**Aim of the task**
Reproduce only this stretch of the listing below: from the line with "Cases of 25)" through the line with "Flashdisk Sandisk Cruzer", exactly as written, with pictures excluded.

**Data to use**
'''

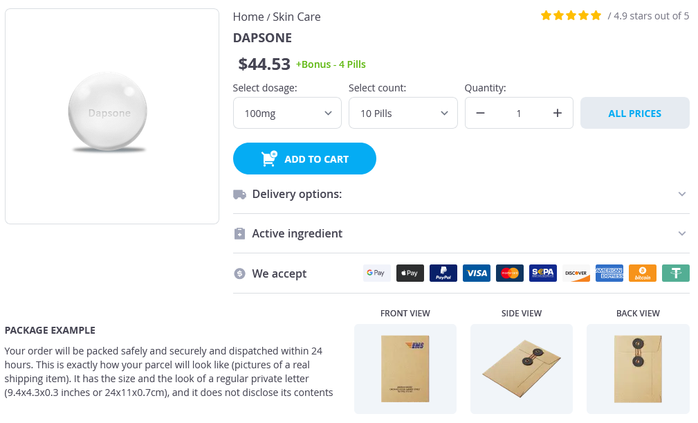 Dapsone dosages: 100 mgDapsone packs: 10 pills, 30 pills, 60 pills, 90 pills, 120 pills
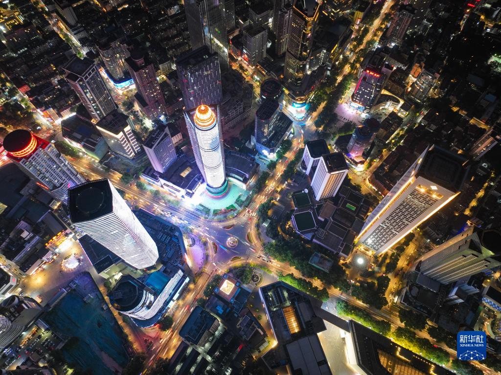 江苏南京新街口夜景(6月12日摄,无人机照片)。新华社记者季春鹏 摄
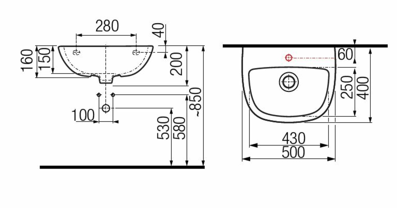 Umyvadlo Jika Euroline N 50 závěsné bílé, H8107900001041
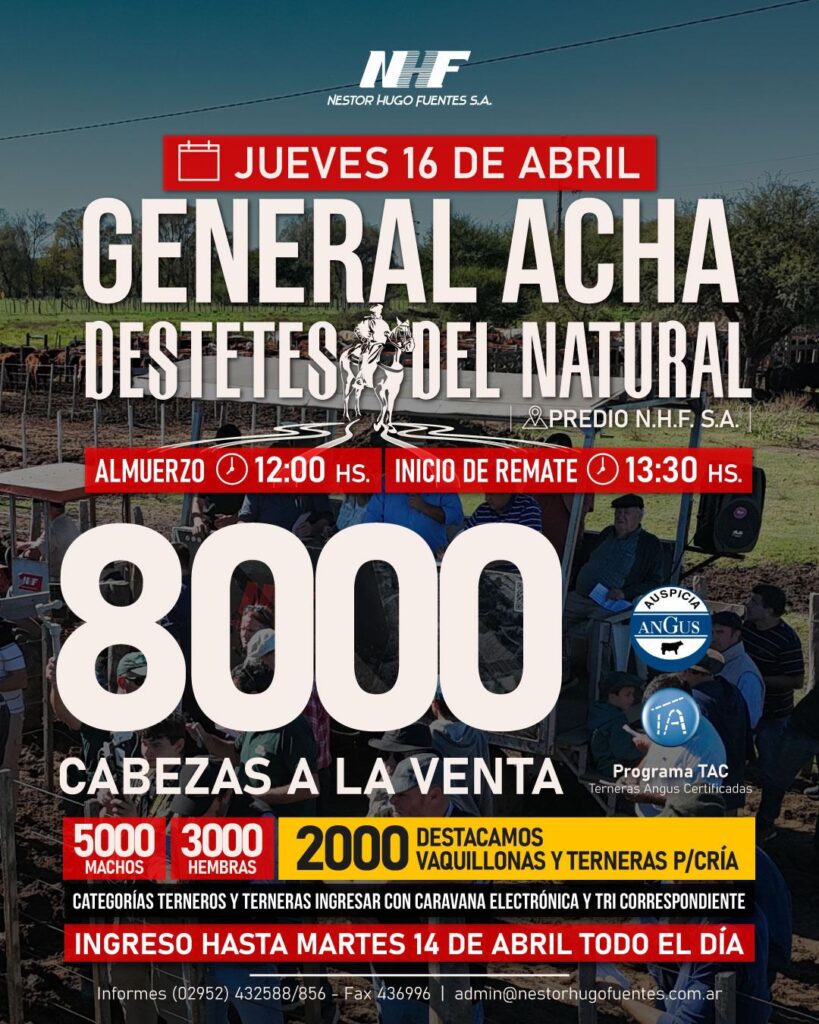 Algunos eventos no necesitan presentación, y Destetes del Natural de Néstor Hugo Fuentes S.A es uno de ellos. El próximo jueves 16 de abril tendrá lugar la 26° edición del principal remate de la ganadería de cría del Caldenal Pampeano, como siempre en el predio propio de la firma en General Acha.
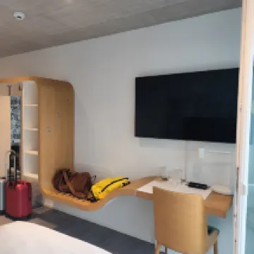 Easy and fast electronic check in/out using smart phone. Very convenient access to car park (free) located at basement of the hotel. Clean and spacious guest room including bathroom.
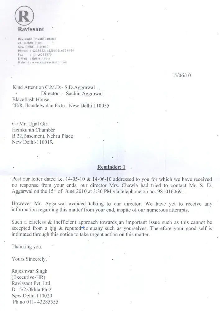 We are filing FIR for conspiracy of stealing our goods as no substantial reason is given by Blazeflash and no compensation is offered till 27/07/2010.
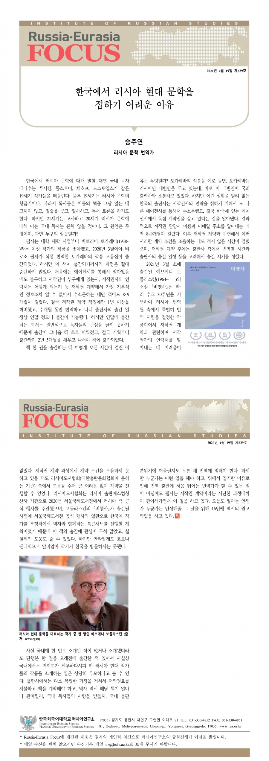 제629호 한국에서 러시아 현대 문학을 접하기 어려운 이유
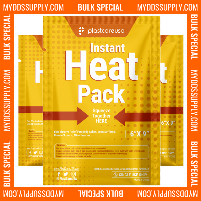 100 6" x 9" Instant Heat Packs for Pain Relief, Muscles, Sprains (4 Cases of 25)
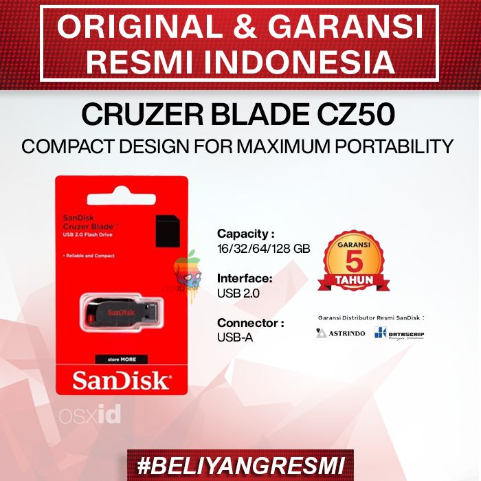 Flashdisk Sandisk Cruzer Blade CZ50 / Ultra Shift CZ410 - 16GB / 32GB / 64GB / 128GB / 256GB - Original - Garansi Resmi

'''
'''

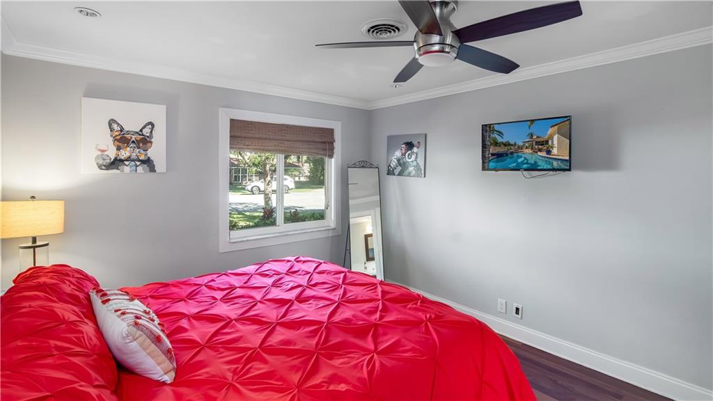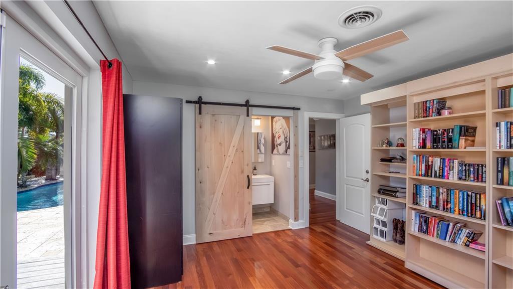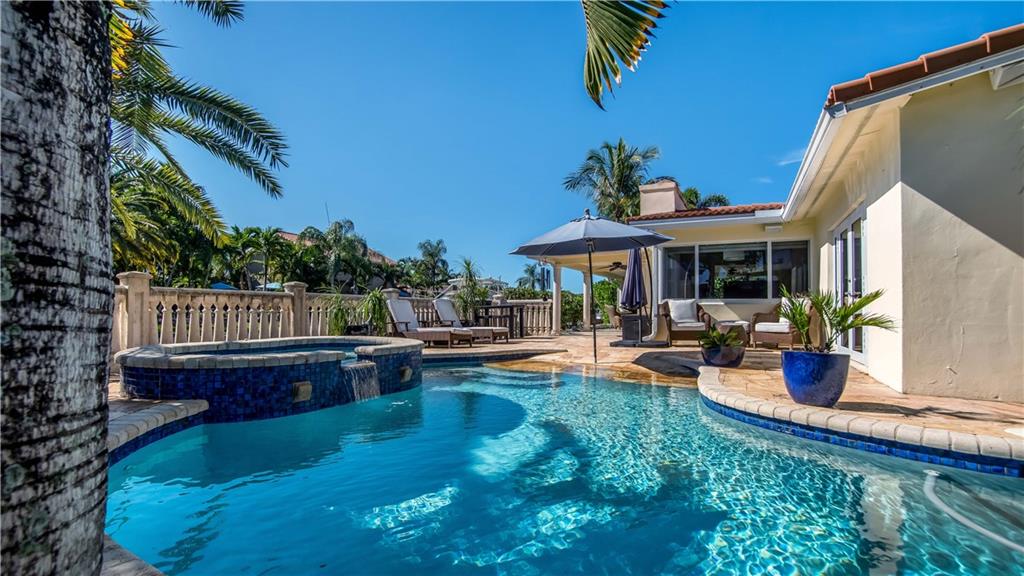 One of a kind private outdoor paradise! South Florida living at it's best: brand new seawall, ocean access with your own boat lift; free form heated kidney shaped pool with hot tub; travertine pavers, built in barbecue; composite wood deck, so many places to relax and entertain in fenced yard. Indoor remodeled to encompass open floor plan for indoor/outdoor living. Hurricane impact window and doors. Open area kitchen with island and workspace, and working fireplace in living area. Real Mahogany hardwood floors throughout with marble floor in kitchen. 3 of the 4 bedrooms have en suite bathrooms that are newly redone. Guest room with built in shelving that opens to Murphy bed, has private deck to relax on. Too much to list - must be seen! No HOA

'''
'''

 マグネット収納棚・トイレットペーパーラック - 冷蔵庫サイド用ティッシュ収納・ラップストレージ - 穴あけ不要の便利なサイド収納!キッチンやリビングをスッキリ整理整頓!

'''

**Task response**
 100 6" x 9" Instant Heat Packs for Pain Relief, Muscles, Sprains (4 Cases of 25)
 Flashdisk Sandisk Cruzer Blade CZ50 / Ultra Shift CZ410 - 16GB / 32GB / 64GB / 128GB / 256GB - Original - Garansi Resmi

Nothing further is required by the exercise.